■ **WHAT YOU NEED TO DO**: Transcribe only the lines in the data below falling between the line with "在B公司通过收购取得对C公司" and the line with "Make this timeless", including those two lines, and leave out any picture.

───── DATA FOR THIS TASK ─────

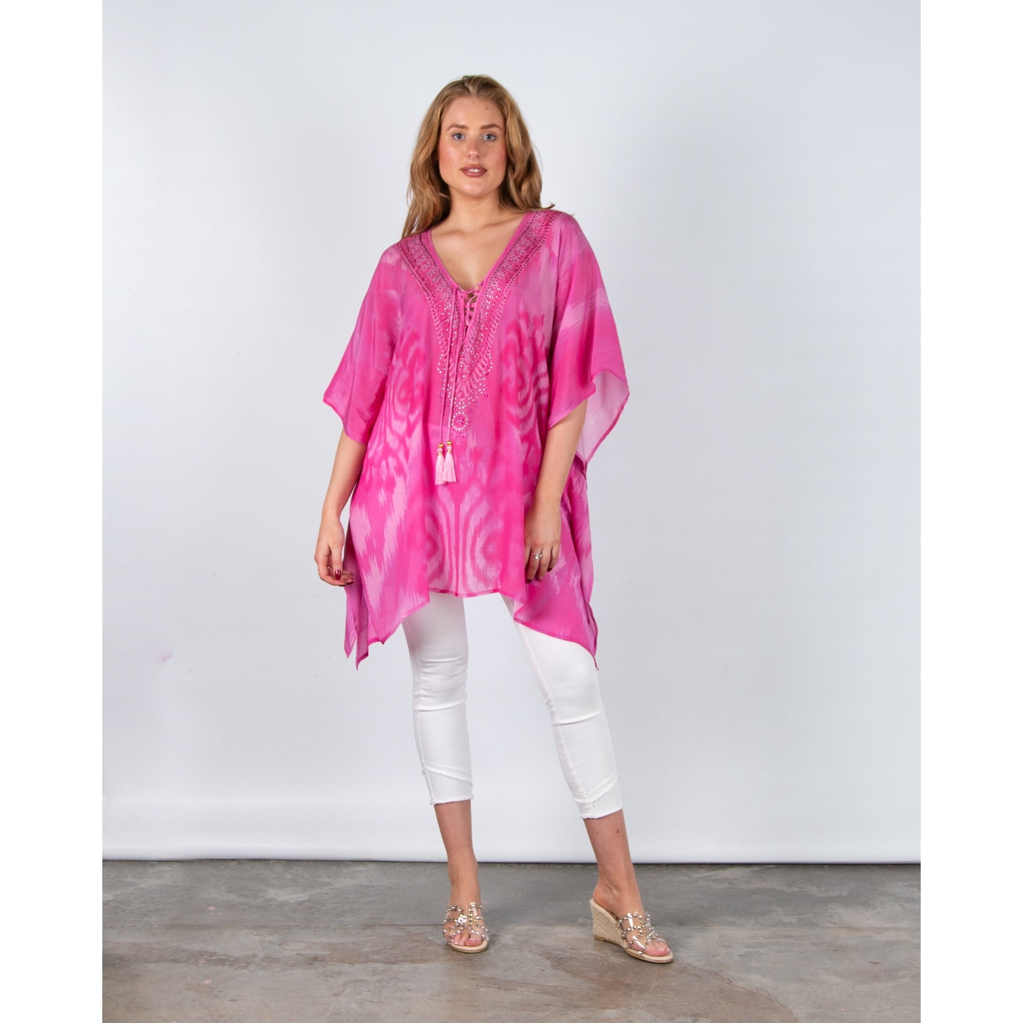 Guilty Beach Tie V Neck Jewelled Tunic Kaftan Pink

─────
───── DATA FOR THIS TASK ─────

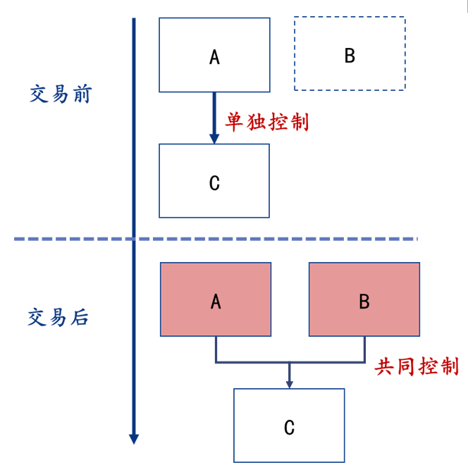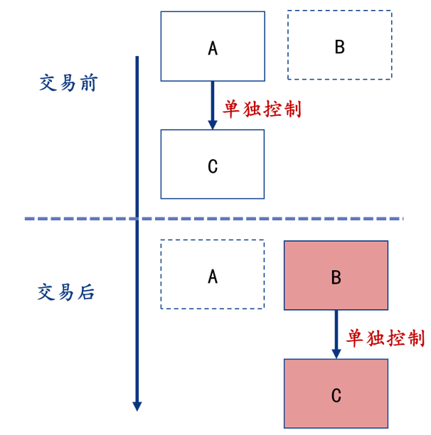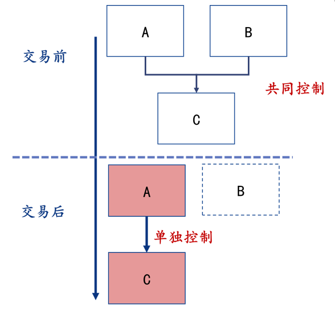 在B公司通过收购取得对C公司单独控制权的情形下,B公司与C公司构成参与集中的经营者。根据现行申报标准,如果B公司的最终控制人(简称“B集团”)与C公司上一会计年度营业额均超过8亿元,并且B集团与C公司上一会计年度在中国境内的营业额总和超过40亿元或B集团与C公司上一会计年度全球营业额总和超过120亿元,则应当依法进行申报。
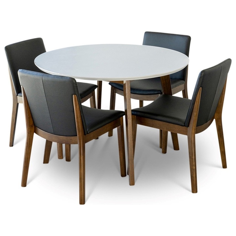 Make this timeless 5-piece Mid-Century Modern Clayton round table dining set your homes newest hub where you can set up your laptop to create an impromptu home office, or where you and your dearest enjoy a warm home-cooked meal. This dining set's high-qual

─────

■ **ANSWER SECTION**:
 在B公司通过收购取得对C公司单独控制权的情形下,B公司与C公司构成参与集中的经营者。根据现行申报标准,如果B公司的最终控制人(简称“B集团”)与C公司上一会计年度营业额均超过8亿元,并且B集团与C公司上一会计年度在中国境内的营业额总和超过40亿元或B集团与C公司上一会计年度全球营业额总和超过120亿元,则应当依法进行申报。
 Make this timeless 5-piece Mid-Century Modern Clayton round table dining set your homes newest hub where you can set up your laptop to create an impromptu home office, or where you and your dearest enjoy a warm home-cooked meal. This dining set's high-qual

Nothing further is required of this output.